One thing you need to make sure that, in below line of code you need to take care of the last date. You need to increment 120 by 1 for each day. For example if data is up to 17th May then you need to use 5:121 and so on.

finalDeath <- gather(covid19.TS.deaths, “Date”, “Deaths”, 5:120)

I will use “FinalCovidData.csv” in my Tableau visualization. I changed the file name to “owid-covid-data.csv”. I have imported this file in Tableau window. This file contains confirmed, deaths, recovered and Active cases, country wise and date wise.

The file contains below fields:

Country, Date, confirmed, deaths, recovered and Active

I created two calculated fields > Confirmed and Ranking also in Tableau.

See the file structure as given below in Tableau data source window.

Tableau data source screen

Let us make Racing Circles chart from above data.

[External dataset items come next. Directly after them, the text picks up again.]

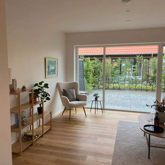 Welcome to Åsvej. Here you will find lovely apartments with an open-ended rental period, all built with plenty of natural light, attractive oak floors, stylish designer kitchens and nice bathrooms, as well as plenty of fixtures and cupboards. Each home has its own air conditioning system and underfloor heating throughout. In addition, the rental includes an adjoining terrace and a basement storage room. Parking is also available. It is also possible to obtain permission to keep 1 dog or 1 cat. The apartments are close to large green areas th...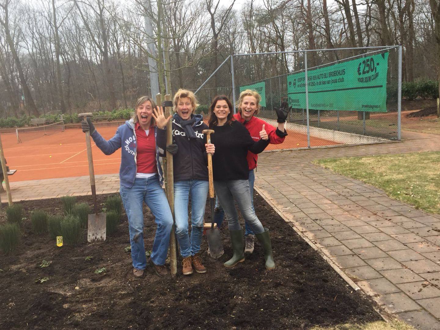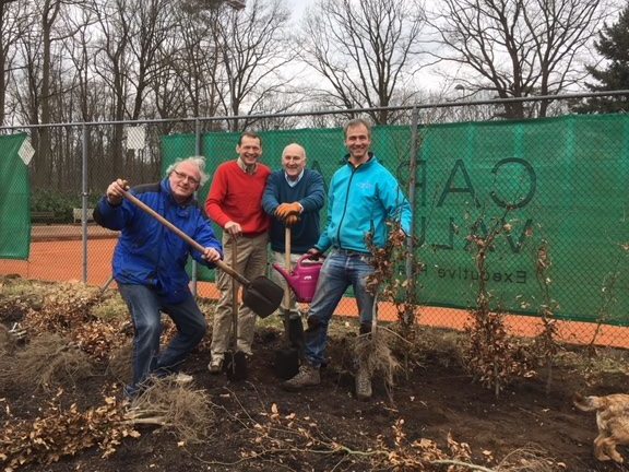 Het totaal dat was aangeleverd lag tussen de 200 en 250 stuks. Een gigaklus met veel graafwerk vormde de beukenhaag. Rond de 120 stuks zijn nu aangeplant achter de banen 1 en 2 aan de kant van de nieuwe ingang.
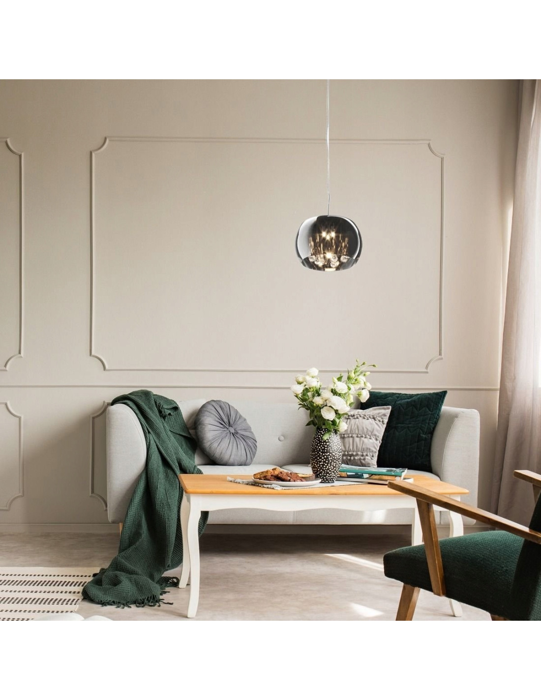 Klosz lampy ma zaokrąglony kształt i jest wykonany z przydymionego szkła, co dodaje jej subtelności i elegancji. Wewnątrz klosza znajdują się dekoracyjne elementy w postaci kryształowych kropli, które rozpraszają światło i tworzą magiczny klimat. Dzięki temu, lampa doskonale sprawdza się jako oświetlenie główne, jak i nastrojowe.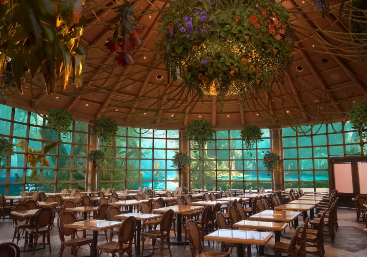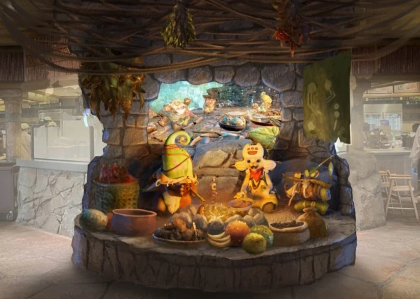 餐廳會重現「緋之森」裡的莫利巴據點,裡面有熱鬧的獸人族莫利巴和最可靠的夥伴「隨從艾路貓」在營火旁迎接大家,各位來參加的遊客就像化身獵人,參加「莫利巴的宴會」。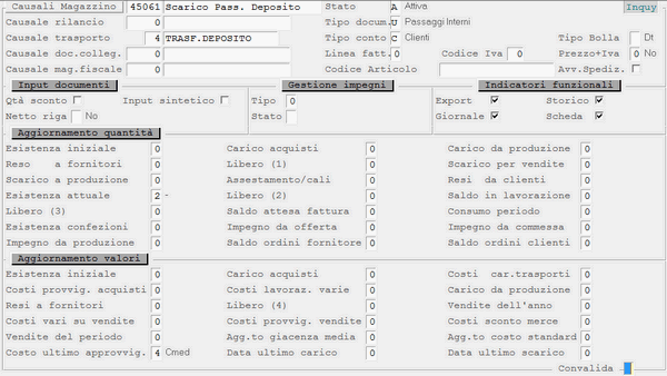 Causale 45.061 - Scarico Passaggio deposito

I have plotted Confirmed cased on X-axis and Death cases on Y-Axis. Since I want to show it as an animated chart, I used Format -> Animations option to show this page as animated page which animates basing upon date field.

Follow below steps to create the chart:

  1. Drag confirmed field to Columns shelf and deaths field to Rows shelf from Measures.
  2. Drag Date field to Pages to animate the data on date. Once you set this option, you will see a video like start, stop buttons window in the screen.
  3. Drag Country and Date to Filters.
  4. Drag Country to Colour and Label Marks.
  5. Drag confirmed to Size Marks.
  6. Select Circle from Marks drop down window.
  7. Format the axis as per your liking
  8. You will see how the chart has shaped.
  9. Set animation speed the way you want to show the data. See the parameters I have set below in Animations window.
Animation options

To put date field on the chart, Right click on the chart and click Annotate > Point and put its values as given below.

Once you set all above options, your final screen will be like as given below:

Racing circles chart final screen

Click on Play button and you will see circles start emerging. The size of the circles increases as confirmed and death cases increase country wise.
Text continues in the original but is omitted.